Spin tunnel junctions with tunneling magnetoresistance of $\text{36.5\%±0.5\%,}$ resistance-area product of $\text{35±6\hspace{0.17em}}{\mathrm{k\Omega \times \mu m}}^{\mathrm{2}},$ and junction area between 6 and $\text{75\hspace{0.5em}}{\mathrm{\mu m}}^2$ were fabricated. The barrier height is $\text{2.5±0.3\hspace{0.17em}}\mathrm{eV}$ and the barrier thickness is $\text{7.7±0.3\hspace{0.17em}Å.}$ Large tunneling magnetoresistance (TMR) values are obtained by vacuum anneal (at temperatures from 100 to 240 °C for over 5 h) of junctions prepared with as-deposited TMR of $\text{21\%±1.7\%,}$ and an as-deposited resistance-area product of $\text{25±6\hspace{0.17em}}{\mathrm{k\Omega \times \mu m}}^{\mathrm{2}}.$ Two regimes occur during anneal.

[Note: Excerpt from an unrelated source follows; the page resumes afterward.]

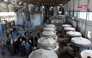 اطلع وزير الصناعة زياد صباغ اليوم على واقع عمل عدد من الشركات والمعامل التابعة للوزارة في محافظة حماة كما التقى عدداً من المزارعين ورؤساء الروابط والجمعيات الفلاحية لمناقشة الواقع الزراعي.

The first one occurs for anneals up to 200 °C where TMR and junction resistance increase, but the barrier parameters are unaltered. The second occurs above 200 °C, where TMR increases faster, together with an increase in barrier height. At 240 °C, TMR starts to decrease. Rutherford backscattering analysis indicates an asymmetry in the oxygen distribution in the as-deposited barrier. The oxygen distribution becomes homogeneous for anneals above 150 °C.